• **EXTRACTED ENTRIES**
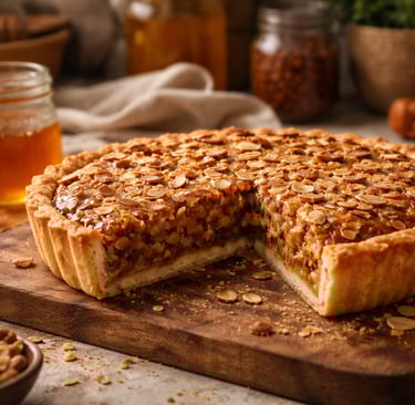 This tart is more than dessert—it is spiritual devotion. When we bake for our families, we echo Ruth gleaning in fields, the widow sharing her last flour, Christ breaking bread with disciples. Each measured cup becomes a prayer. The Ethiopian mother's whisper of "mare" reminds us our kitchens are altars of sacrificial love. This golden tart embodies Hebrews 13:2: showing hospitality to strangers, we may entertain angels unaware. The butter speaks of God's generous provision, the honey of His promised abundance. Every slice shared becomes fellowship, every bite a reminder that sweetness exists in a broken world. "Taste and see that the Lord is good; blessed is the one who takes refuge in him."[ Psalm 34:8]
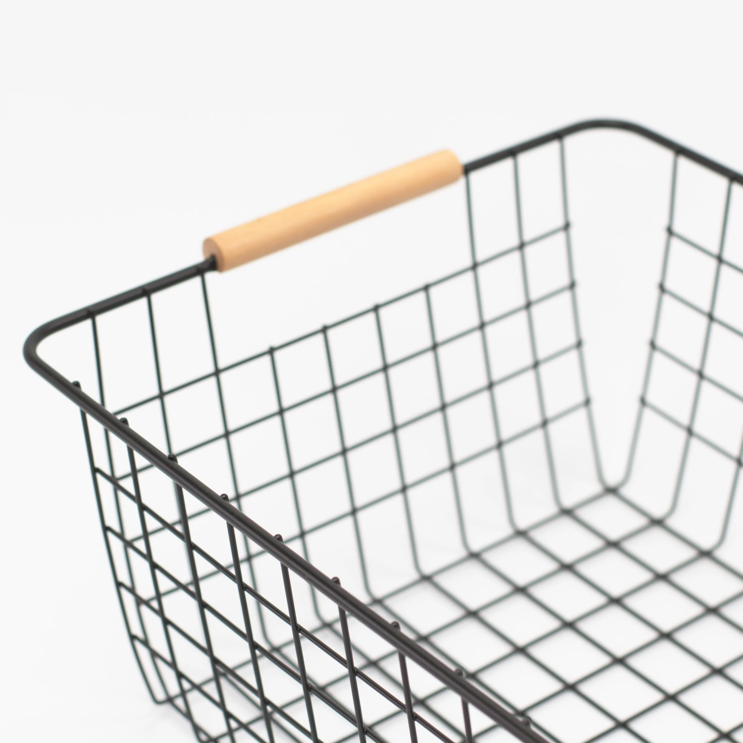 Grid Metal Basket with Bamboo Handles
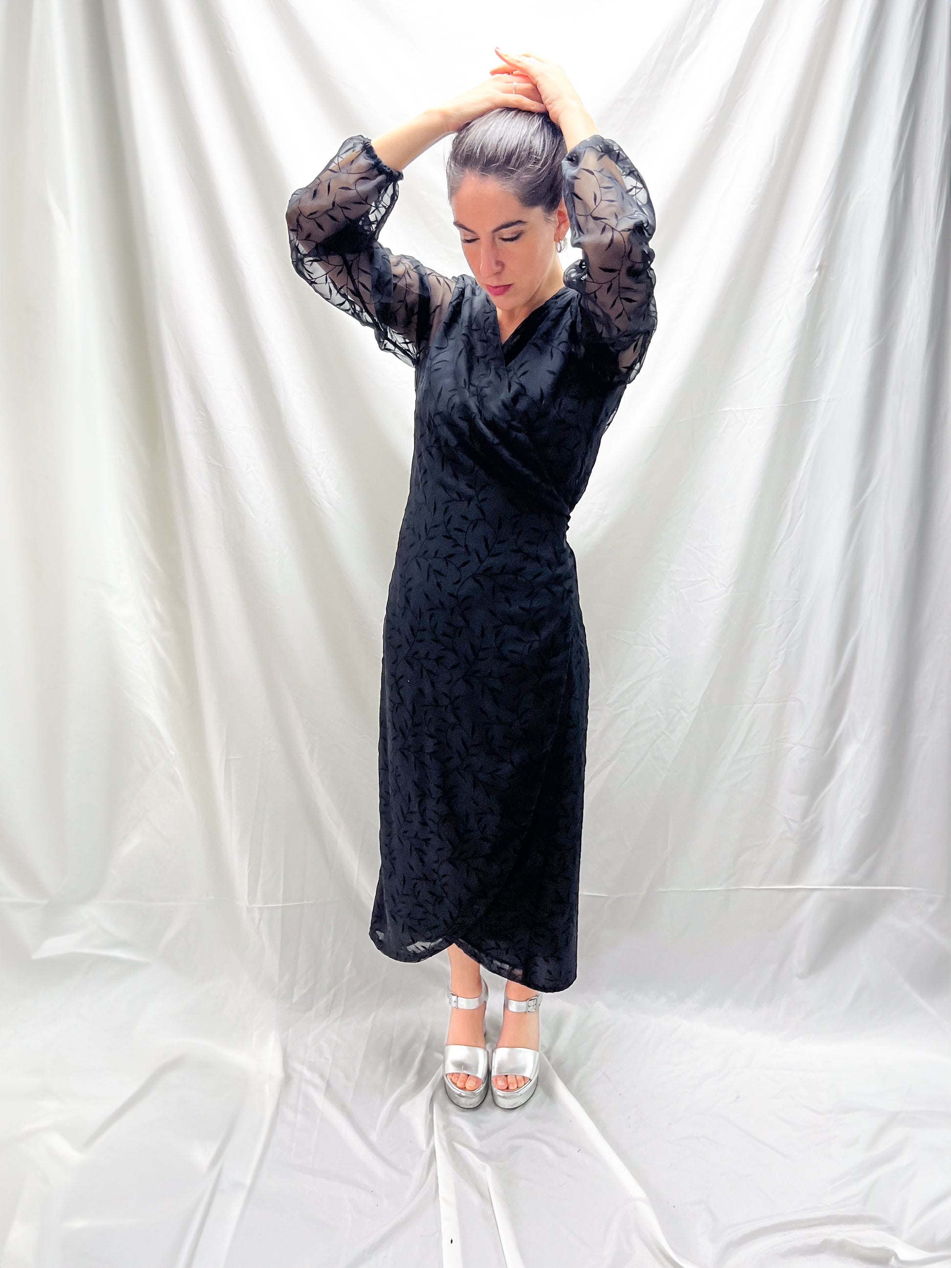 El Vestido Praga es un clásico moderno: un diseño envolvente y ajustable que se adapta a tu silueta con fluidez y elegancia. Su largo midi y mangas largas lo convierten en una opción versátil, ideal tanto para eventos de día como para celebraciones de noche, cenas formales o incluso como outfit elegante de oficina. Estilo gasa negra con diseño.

...

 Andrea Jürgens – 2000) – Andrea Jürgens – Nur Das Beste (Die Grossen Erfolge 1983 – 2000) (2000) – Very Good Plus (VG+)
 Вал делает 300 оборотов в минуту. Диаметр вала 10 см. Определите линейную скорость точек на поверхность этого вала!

• **WHAT TO DO**
Taking the entries above, restate exactly those lines that fall between the line with "Andrea Jürgens – 2000)" and the line with "Вал делает 300", keeping both of those lines too.

• **TASK SOLUTION**
 Andrea Jürgens – 2000) – Andrea Jürgens – Nur Das Beste (Die Grossen Erfolge 1983 – 2000) (2000) – Very Good Plus (VG+)
 Вал делает 300 оборотов в минуту. Диаметр вала 10 см. Определите линейную скорость точек на поверхность этого вала!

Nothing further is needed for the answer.